As reprehensible as this was, it had nothing to do with the Holocaust. Indeed, it was only after the Nazis broke the treaty by invading the headquarters of “Judeo-Bolshevism” in June 1941 that the Final Solution went into motion. And even then it was local fascists who led the way by unleashing a wave of anti-Jewish and anti-Communist violence from Vilnius to Kiev that was so horrendous that at least one German field marshal complained. Yet the anti-Semitic vitriol didn’t cease for a minute. In mid-1942, the Polish nationalist underground issued a statement declaring:
“Whether we like it or not, Communism is attacking us. The extermination of the Jews in Europe by the Germans, which will be the final result of the German-Jewish war, represents from our point of view an undoubtedly favorable development, for it will weaken the explosive power of Communism at the moment of the German collapse – or earlier.” (Quoted in Reuben Ainsztein, The Warsaw Ghetto Revolt, New York, 1979, p. 50.)

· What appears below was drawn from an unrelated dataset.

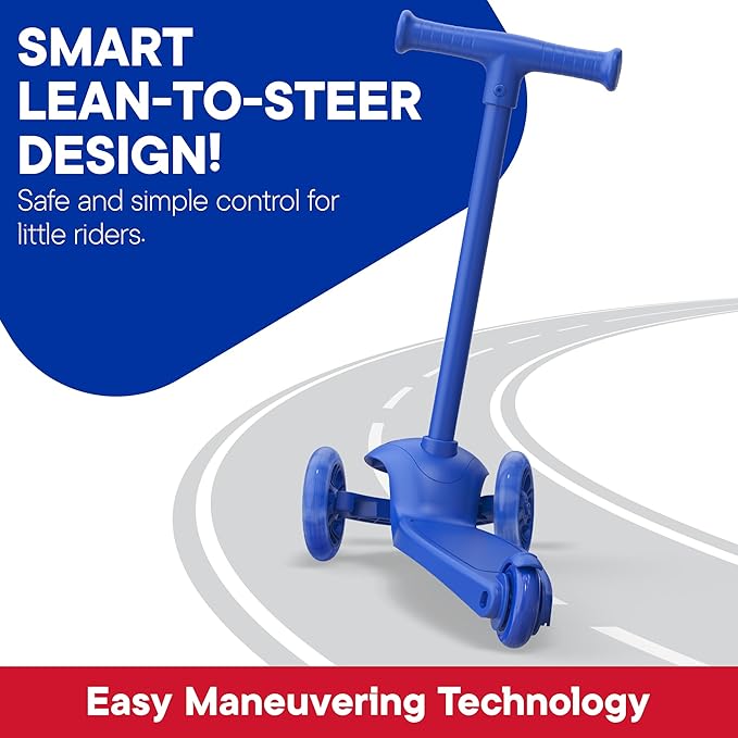 - Lean-to-Steer – With a lean-to-steer system and a fixed T-bar handle, this scooter helps toddlers stay balanced while riding. By leaning the handlebar to turn instead of twisting, kids enjoy smooth control, safer steering, and a more confident experience.

Like the Nazis, Polish nationalists were thus fighting a dual war against Jews and Bolsheviks. Rather than lamenting the Holocaust, they welcomed it in the interests of a Judenrein Poland. Today, the same elements are once again in control in Warsaw – people who, with US encouragement, blame the Soviets and Russia for all that ails them and who seethe with ill-concealed anti-Semitism. Zelensky is playing with fire by cozying up to such people, especially now that rightwing nationalists are once again on the march at home.